+++ DATA TO USE

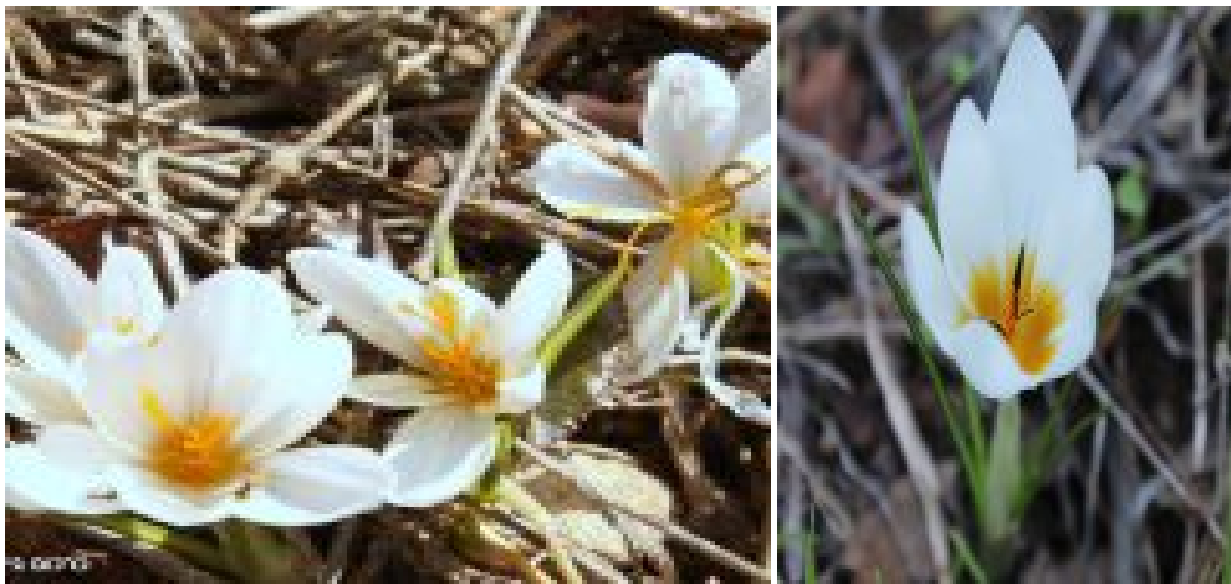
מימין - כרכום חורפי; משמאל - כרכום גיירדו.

++++++
+++ DATA TO USE

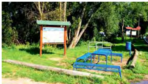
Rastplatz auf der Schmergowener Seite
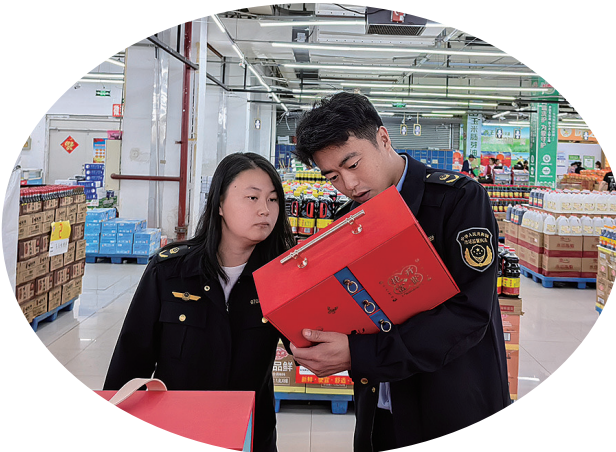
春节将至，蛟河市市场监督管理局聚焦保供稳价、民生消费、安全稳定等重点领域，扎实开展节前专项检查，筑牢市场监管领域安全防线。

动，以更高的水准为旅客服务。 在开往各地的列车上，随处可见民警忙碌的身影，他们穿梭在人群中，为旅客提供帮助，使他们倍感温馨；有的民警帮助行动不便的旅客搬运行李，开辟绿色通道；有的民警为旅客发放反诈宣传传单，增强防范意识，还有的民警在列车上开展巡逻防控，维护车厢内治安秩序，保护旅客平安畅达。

++++++
+++ DATA TO USE

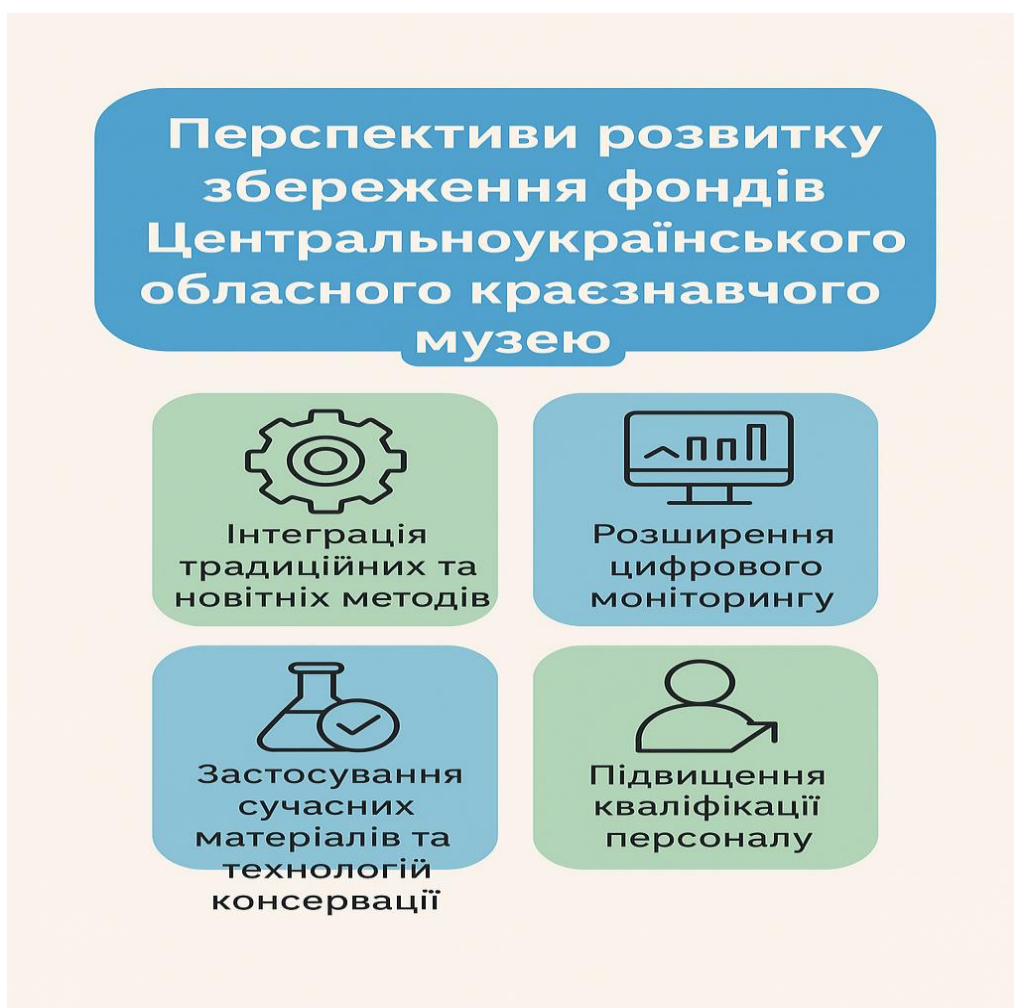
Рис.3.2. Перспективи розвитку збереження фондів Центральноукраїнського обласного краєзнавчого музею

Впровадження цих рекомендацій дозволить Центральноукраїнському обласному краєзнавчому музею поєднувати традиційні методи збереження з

++++++

(TASK DESCRIPTION): Look through the entries and find each line that has the string "збереження". Copy those lines.

(SOLUTION FOR THIS EXERCISE):
Рис.3.2. Перспективи розвитку збереження фондів Центральноукраїнського обласного краєзнавчого музею
Впровадження цих рекомендацій дозволить Центральноукраїнському обласному краєзнавчому музею поєднувати традиційні методи збереження з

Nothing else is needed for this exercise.